*Information given:*
※ ※ ※

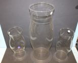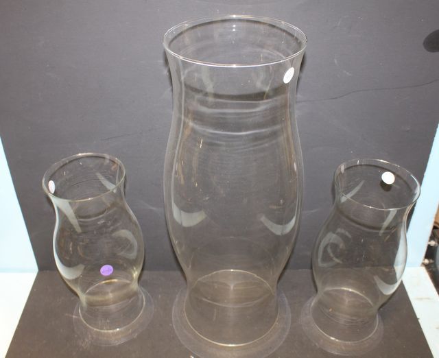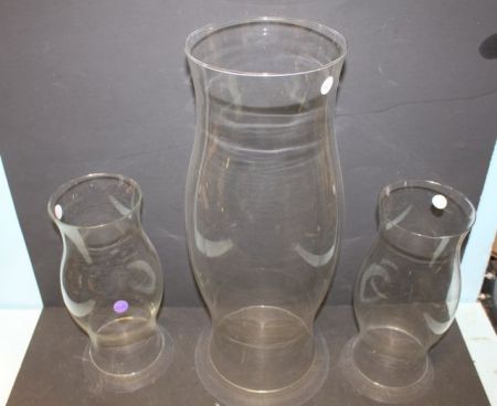 Three Glass Hurricane Shades 11", 17"h. Three Glass Hurricane Shades 11", 17"h.
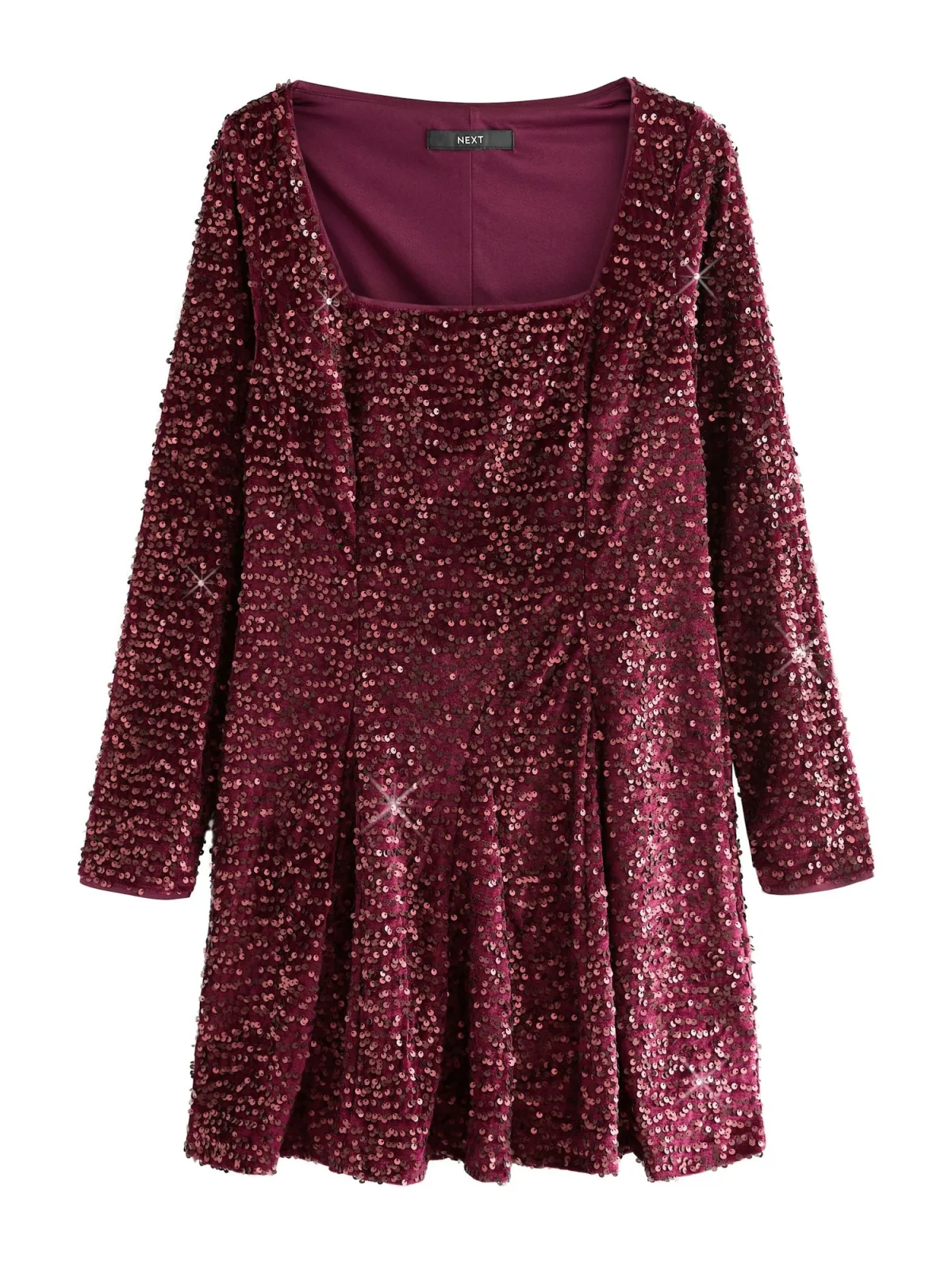 Design: Rechte zoom; Materiaal: Gerecycled materiaal; Halstype: Carréhals; Motief: Effen; Details: Pailletten, Plooien; Extra's: Glitterend, Voelt zacht aan; Lengte: Kort/mini; Pasvorm: Normale pasvorm; Armlengte: Lange mouw
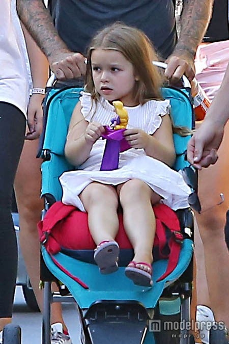 英ウェブサイト「Mail Online」によると、4歳のハーパー・セブンちゃんがベビーカーに乗っているのは、広大なパークをスムーズに移動するためで、レンタルしたのだとか。
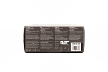 The technical specifications are printed on the left side in 4 languages and just over a product description in many more.
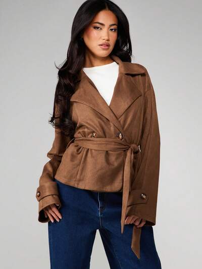 MISSGUIDED オーバーサイズカラー、タイアップウエスト、長袖カジュアルジャケット、トレンチコート-40%
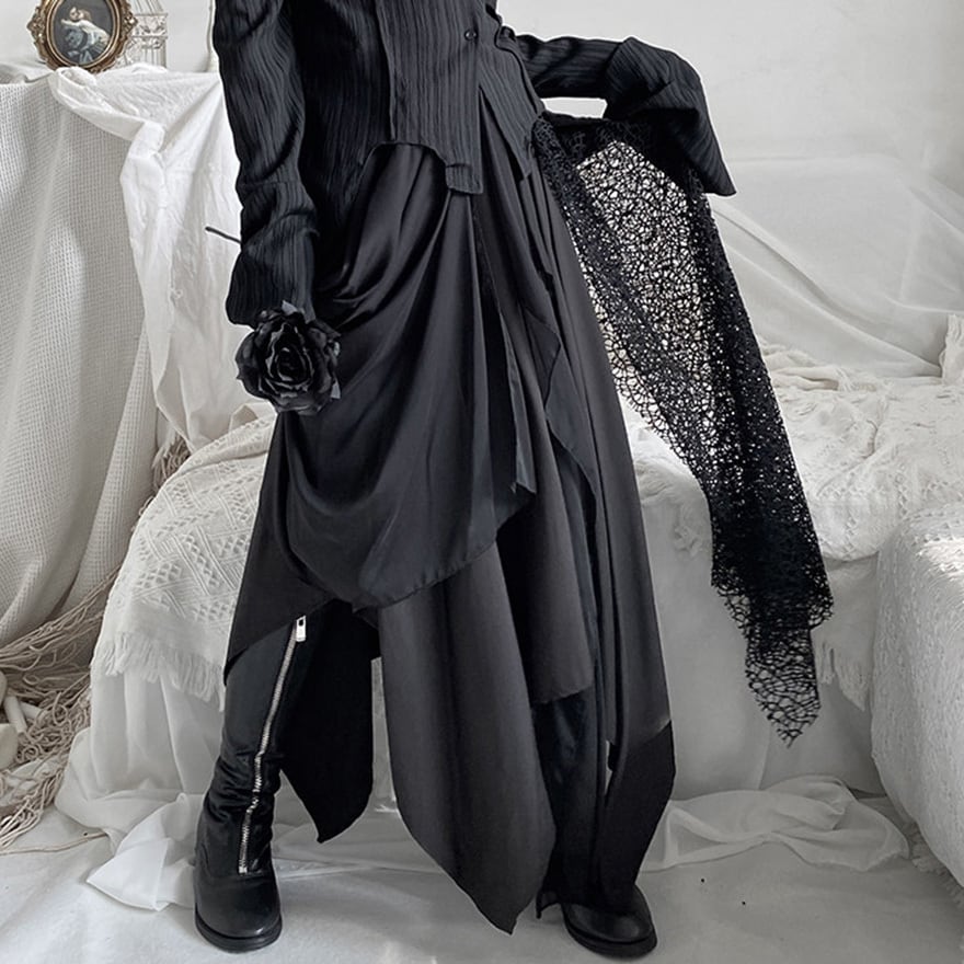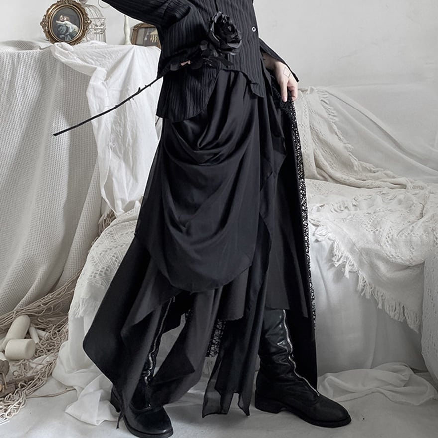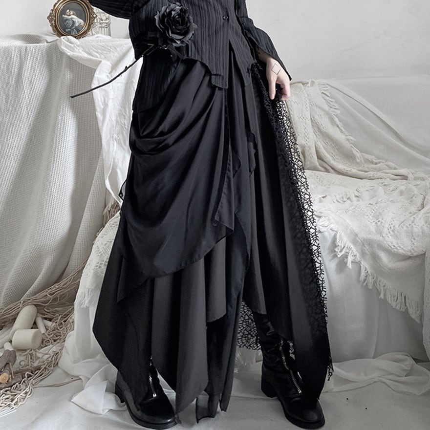 不規則にドレープが重なる非対称シルエットに、サイドのレースパネルを組み合わせた黒のロングスカートです。ウエストから裾にかけて複数の生地が層を成す構造が、歩くたびに異なる表情を見せ、退廃的で物語性のある大人ゴシックの世界観を纏えます。

※ ※ ※

*Aim of the task:* Leave the pictures out. Output exactly, and only, the lines from the one with "MISSGUIDED オーバ" through the last line of the listing above, both included.

*Answer section:*
 MISSGUIDED オーバーサイズカラー、タイアップウエスト、長袖カジュアルジャケット、トレンチコート-40%
 不規則にドレープが重なる非対称シルエットに、サイドのレースパネルを組み合わせた黒のロングスカートです。ウエストから裾にかけて複数の生地が層を成す構造が、歩くたびに異なる表情を見せ、退廃的で物語性のある大人ゴシックの世界観を纏えます。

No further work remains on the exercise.